Despite the recent discovery of numerous phosphohistidine (pHis) sites in mammalian proteomes, the functions of this labile post-translational modification (PTM) mostly remain unknown. Phosphohistidine phosphatase 1 (PHPT1), one of the few known protein pHis phosphatases, regulates important cellular processes, and its genetic knockdown attenuated cancer cell proliferation and a liver fibrosis model. Unfortunately, the lack of PHPT1 inhibitors has limited further understanding and the therapeutic potential of this unique enzyme. We report that PHPT1 can be covalently inhibited by targeting Cys73, a residue that is nonessential for the enzyme activity.
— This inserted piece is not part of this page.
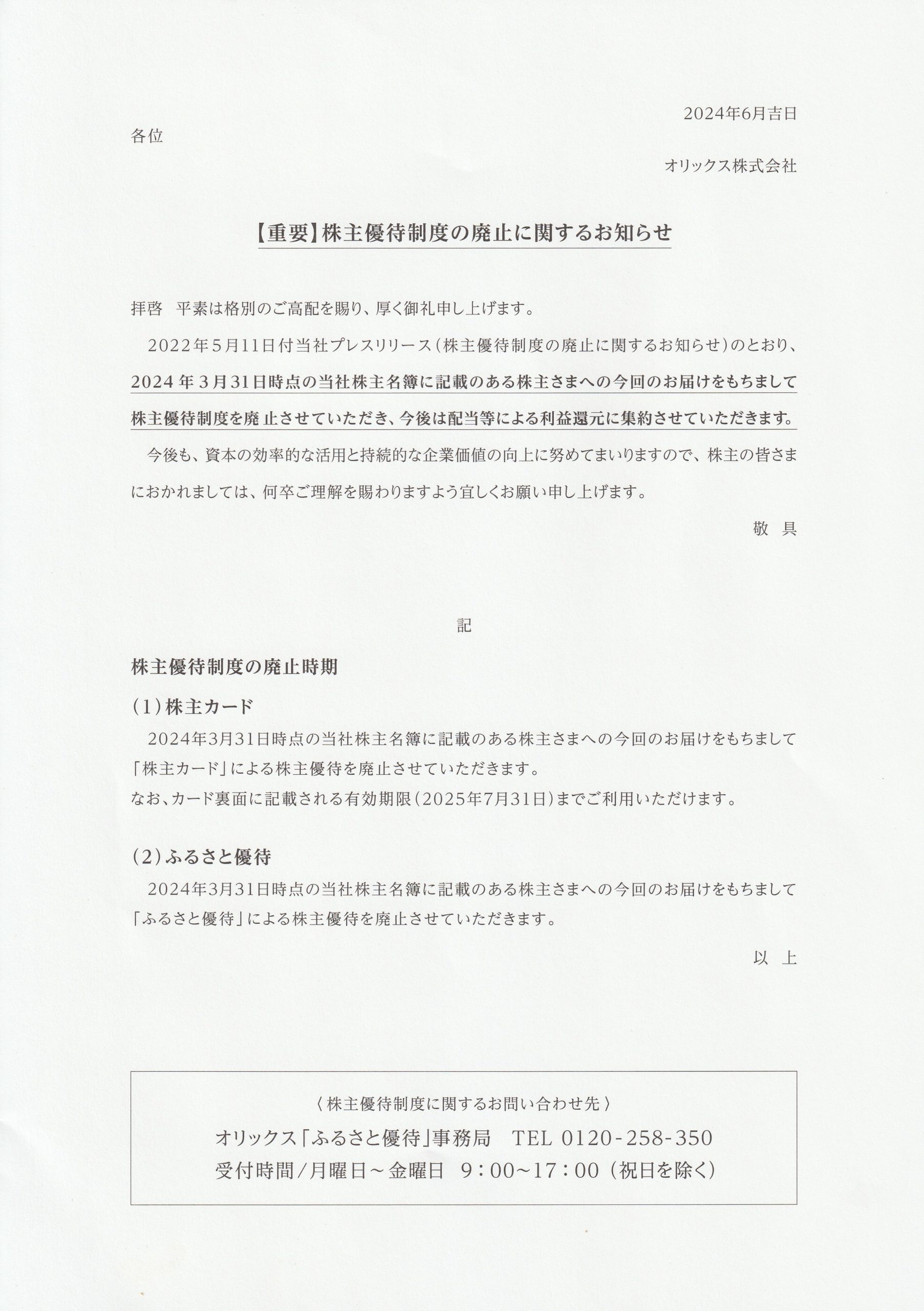 お手紙もついており、今回が最後の優待の旨の記載もあります。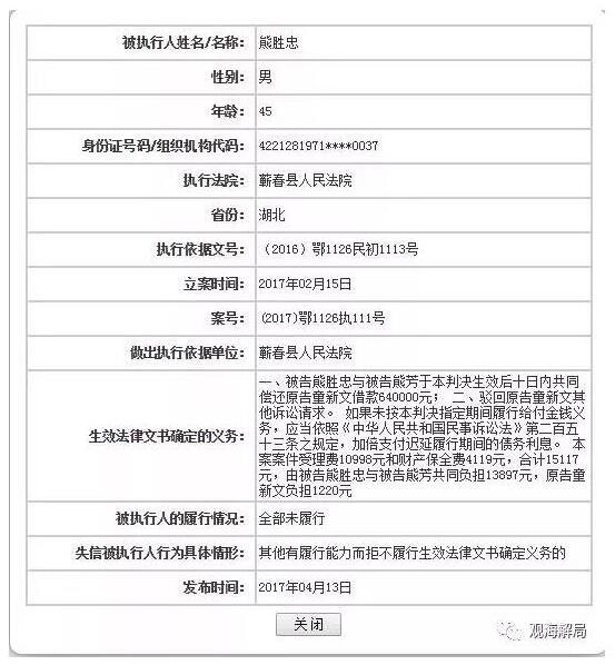 看法新闻记者注意到,这个70后小官曾在去年6月、今年4月两次上了老赖黑名单,而这背后是此人长期做生意,再加上赌钱,不断赔光。

We also determined the inhibition kinetics of various small molecule electrophiles as potential warheads against PHPT1. Our results lay a foundation for the development of more potent and specific PHPT1 inhibitors.

Keywords: PHPT1, histidine phosphatase, covalent inhibitor, inhibition kinetics

The phosphorylation of histidine (His) is a post-translational modification (PTM) much less explored than the O-phosphorylation of serine (Ser), threonine (Thr), and tyrosine (Tyr) owing to the chemical lability of the phosphohistidine (pHis) product.1,2 In prokaryotes and plants, the histidine kinase is a critical component of the two-component systems (TCS), which sense environmental changes and control the adaptation responses such as antibiotic resistance and biofilm formation.3

In eukaryotes, this modification has been related to cell metabolism, signal transduction, and epigenetic changes; in addition, recent advances in phosphoproteomics have revealed numerous pHis sites in the human proteome.4,5 Nucleoside diphosphate kinase (NDPK) isoforms, also known as NMEs, are well documented to have protein histidine kinase activities and to be involved in cancer metastasis and other essential processes such as G-protein signaling.6 For pHis-specific phosphatases, the following three enzymes are known: phosphohistidine phosphatase 1 (PHPT1), phospholysine phosphohistidine inorganic pyrophosphate phosphatase (LHPP),7 and phosphoglycerate mutase family member 5 (PGAM5).8

PHPT1, also known as PHP14, is the first cloned pHis-specific phosphatase, discovered in 2002.9,10 It can dephosphorylate pHis in various proteins, including the KCa3.1and TRPV5 ion channels, ATP citrate lyase (ACLY), and the β-subunit of the heterotrimeric G protein, to regulate their functions.11 Interestingly, these substrates are histidine-phosphorylated by NDPK, suggesting the opposite effect of PHPT1 on NDPK-mediated pathways (Figure 1a). Physiologically, PHPT1 has been linked to cytoskeletal reorganization, cell proliferation, hepatic stellate cell (HSC) migration, and adipocyte differentiation.1216 Promisingly, the knockdown of PHPT1 led to significant attenuation of cell proliferation and liver fibrosis in mice, as well as promotion of brown adipocyte differentiation.1316

Figure 1.

Figure 1

Open in a new tab

(a) Schematic of the function of phosphohistidine phosphatase 1 (PHPT1) and nucleoside diphosphate kinase (NDPK). (b) Catalytic mechanism of PHPT1. (c) Summary of PHPT1 inhibitor screening (including Z′ score). (d) Structure and IC50 of ethacrynic acid (EA) under our standard assay conditions (n = 9).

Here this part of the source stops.